Rishi Sunak’s wife, Akshata Murthy, has defended her non-domicile status after it was claimed she could have saved millions by not paying UK tax on foreign income. Non-dom usually implies that her permanent home is considered outside of the UK and, although she is still liable for UK tax on income made in this country, she does not have to pay UK tax on foreign income unless it is brought into the UK. This is completely legal and the UK Chancellor’s multi-millionaire wife, (her father is NR Narayana Murthy, the Indian billionaire who founded Infosys), has apparently always paid UK taxes on her UK income. Her stake in Infosys is believed to be worth more than US$ 650 million and she is reported to be a director of capital and private equity firm Catamaran Ventures, gym chain Digme Fitness, and gentlemen’s outfitters New and Lingwood. Earlier in the Ukraine crisis, Rishi Sunak’s advice that firms should pull out of Russia, although Infosys continued to operate in Moscow for more than a month after the war started. The week ended with further bad news for the Chancellor when it was confirmed that he had held a US Green Card for the past eight years.

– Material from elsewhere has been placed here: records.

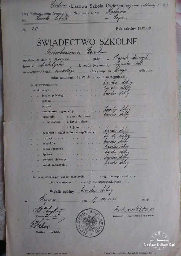 Poniżej świadectwo szkolne Stanisławy Świerkosz - z archiwum Stanisława Pilarskiego.
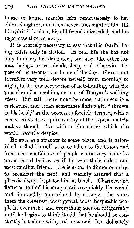 Time has no meaning for her; she is not neglecting [326]any work; she is only idle, as she always is idle. But love throws a new glory and a new interest around her indolence. The endless little notes with which she worries the Post-Office and her friends become suddenly sacred and mysterious. The silly little prattle hushes into confidential whispers. Every crush through the season, becomes the scene of a reunion of two hearts which have been parted for the eternity of twenty-four hours. Love, in fact, does not in the least change woman's life, or give it new earnestness or a fresh direction; but it makes it infinitely more interesting, and it heightens the enjoyment of wasting a day by a new sense of power. For that brief space of triumph Phyllis is able to make Corydon waste his day too. The more he writhes and wriggles under the compulsion, the more lingering looks he casts back on the work he has quitted, the greater her victory.
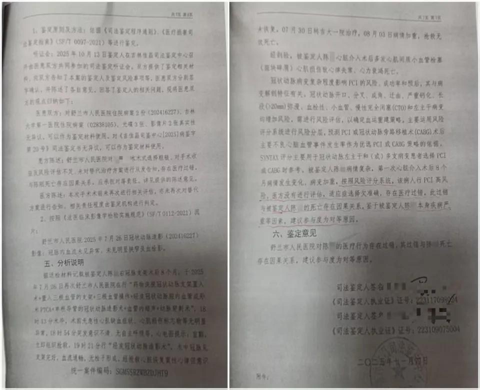 报告中称,2025年7月26日17时16分,在舒兰市人民医院再次行“药物洗脱冠状动脉支架置入术+置入三根血管的支架+三根血管操作+经皮冠状动脉腔内血管成形术PTCA+单根导管的冠状动脉造影术+血管内超声+动脉穿刺术”,18时13分术毕,术前无急性心肌缺血症状、心肌损伤标志物等无明显异常。术后18时54分突发意识不清、无自主呼吸等,心电图提示:室颤,立即组织抢救,19时21分行“经皮冠状动脉造影术”,术中诊断:冠脉正常。7月30日转吉大一院住院治疗,心肌损伤标记物肌钙蛋白等指标高,心脏功能仍不稳定。8月3日突发病情危重、室颤等,抢救无效死亡。
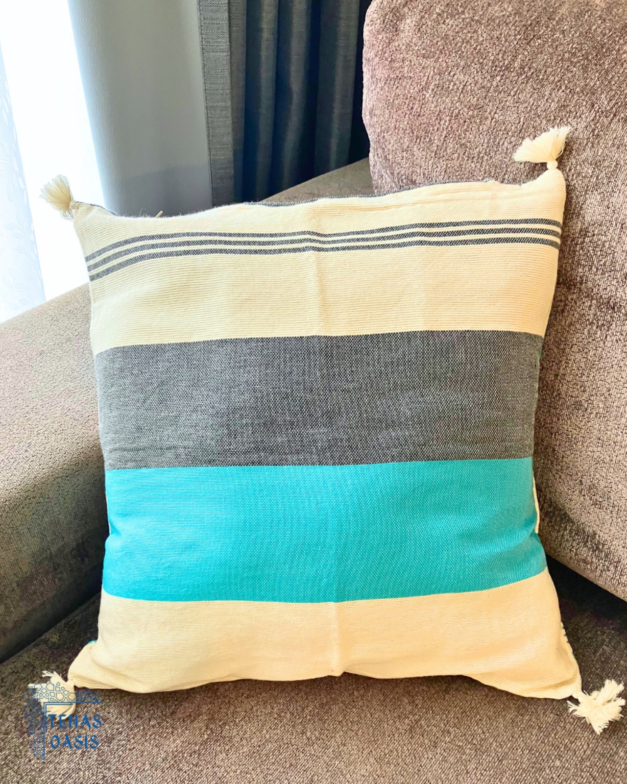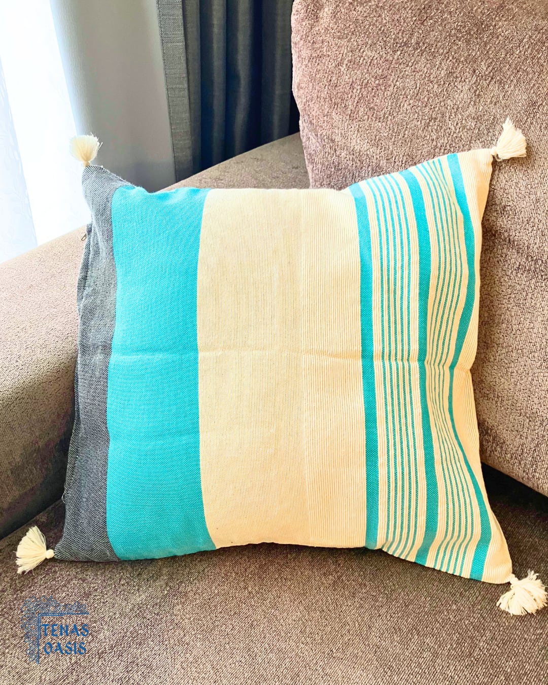 Crafted by Moroccan artisans, this cushion cover is a testament to the art of handmade craftsmanship, combining the softness of cotton and the exotic allure of cactus silk to create a piece that's both stylish and eco-friendly.
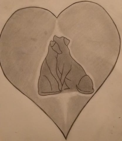 Ah, et comme mon Dingo s'est trouvé une copine ( pas pour la repro hein! Il est castré) j'ai fait un petit dessin tout en guimauve 🙂
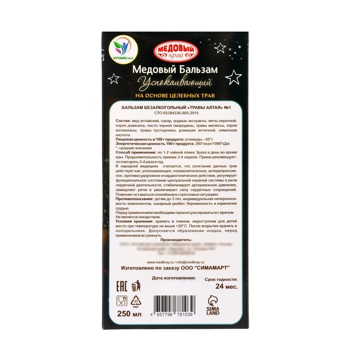 В составе бальзама: натуральный Алтайский мед — мята перечная — девясил — лист черной смородины — мелисса — валериана — пустырник — ромашка. В народной медицине считается, что сочетание данных трав действует как: успокаивающее, спазмолитическое, антидепрессивное, противосудорожное действие.
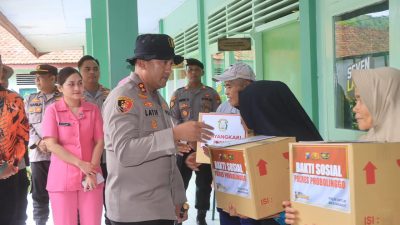 PROBOLINGGO,– Kapolres Probolinggo AKBP M Wahyudin Latif, melaksanakan kegiatan bakti sosial dengan memberikan bantuan sembako kepada warga terdampak banjir dan jembatan putus di Kecamatan Tiris, Kabupaten Probolinggo, Sabtu (13/12/2025).
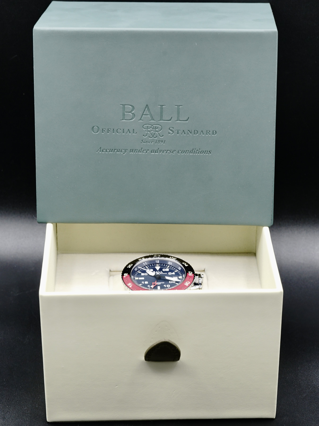 This Ball Engineer Hydrocarbon AeroGMT II DG2018C-S3C-BE is in EXCELLENT condition. This watch includes its original box, owner's manual, COSC certificate, and international warranty certificate.
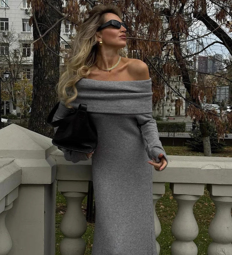 Off-Shoulder Ribbed Knit Maxi Dress for Women – Elegant & Cozy Fit
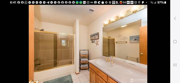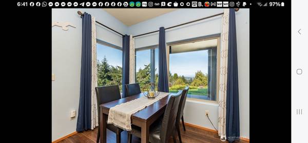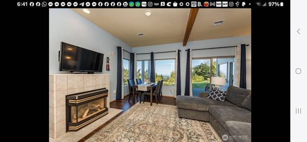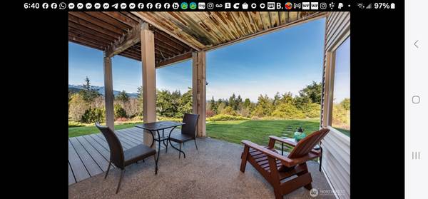 AVAILABLE NOV 1st 2025: Single Family Custom Home in Sequim, WA 98382. Home sits on 2 beautifully landscaped acres. We are renting out the beautiful fully furnished, daylight basement, with 9 foot ceilings and unobstructed views of the Strait of Juan de Fuca and the Olympic Mountains. All of which are visible from a wall of windows in the room. This space offers 1 bedroom with a Queen bed and a couch that makes into a bed. A covered deck and a porch swings. The private bath has a tub/shower. The cozy living room/dining room has a queen murphy bed, and a gas fireplace. There is a shared Washer and Dryer. The kitchen is stocked with pots, pans, and dishes, full size fridge, microwave electric range. There is also a fire pit you are welcome to enjoy up by the pond. The drive to downtown Sequim is only 7 minutes. There are outside lit up stairs down to the rental's private entrance.
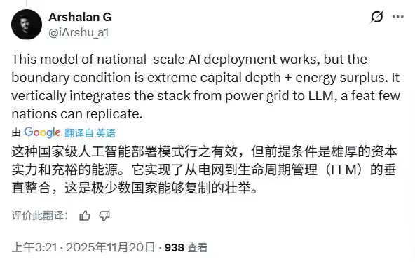 而这则消息瞬间引发热议,正如一位网友评论:这种“国家级人工智能部署”的模式行之有效,但门槛极高:它必须同时拥有“雄厚的资本实力”和“充裕的能源盈余”。 这不仅仅是建一个机房,而是实现了“从电网到大模型(LLM)的垂直整合”,是极少数国家才能复制的壮举。
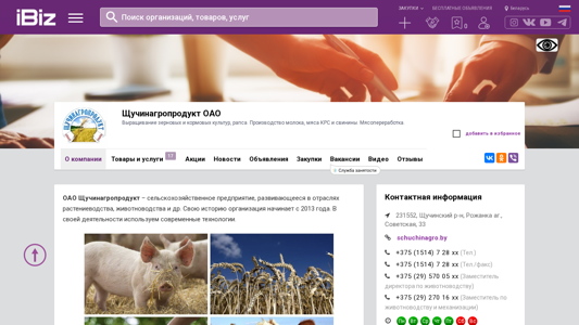 Название / Заголовок | Щучинагропродукт ОАО - Выращивание зерновых и кормовых культур, рапса. Производство молока, мяса КРС и свинины. Мясопереработка.. 231552, , Рожанка аг., Советская, 33 |
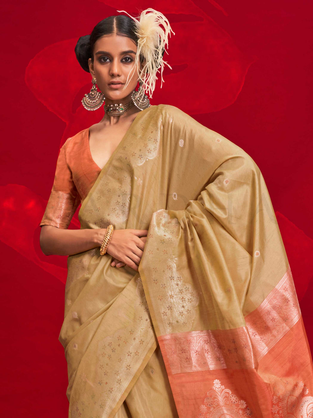 Beige Tussar Silk Handloom Saree with Gold Zari Pallu

The average UK company – along with others across the globe – are facing tough economic times. Wednesday saw Rishi Sunak’s US$ 7.8 billion rise in National Insurance come into effect. Add in inflation rates at their highest rate in forty years, pushing up prices relentlessly, along with surging energy prices that in some cases have skyrocketed 250%, then it is obvious that worse is to come. Many firms made it through the pandemic because of government support packages such as furlough, tax reliefs and a moratorium on landlords being able to evict businesses due to rent arrears. At the onset of the pandemic, inflation was well below the 2.0% BoE target and energy prices had remained flat for some time. February saw a doubling of county court judgements against firms, as well as the number of insolvencies 23% higher than the same month in 2021. There is no doubt that we are in a period of some calm before the inevitable storm and this despite 500k businesses benefitting from a US$ 1.3k tax cut, now being able to claim US$ 6.5k, rather than the US$ 5.2k earlier, a 50% business rate relief, a record fuel duty reduction and the super-deduction, the largest two-year business tax cut in history. However, with inflation only going way – and that is higher – supply chain problems not going away, less consumer spending, more tax, higher mortgage rates and the Ukraine war set to continue, it is time to Batten Down the Hatches!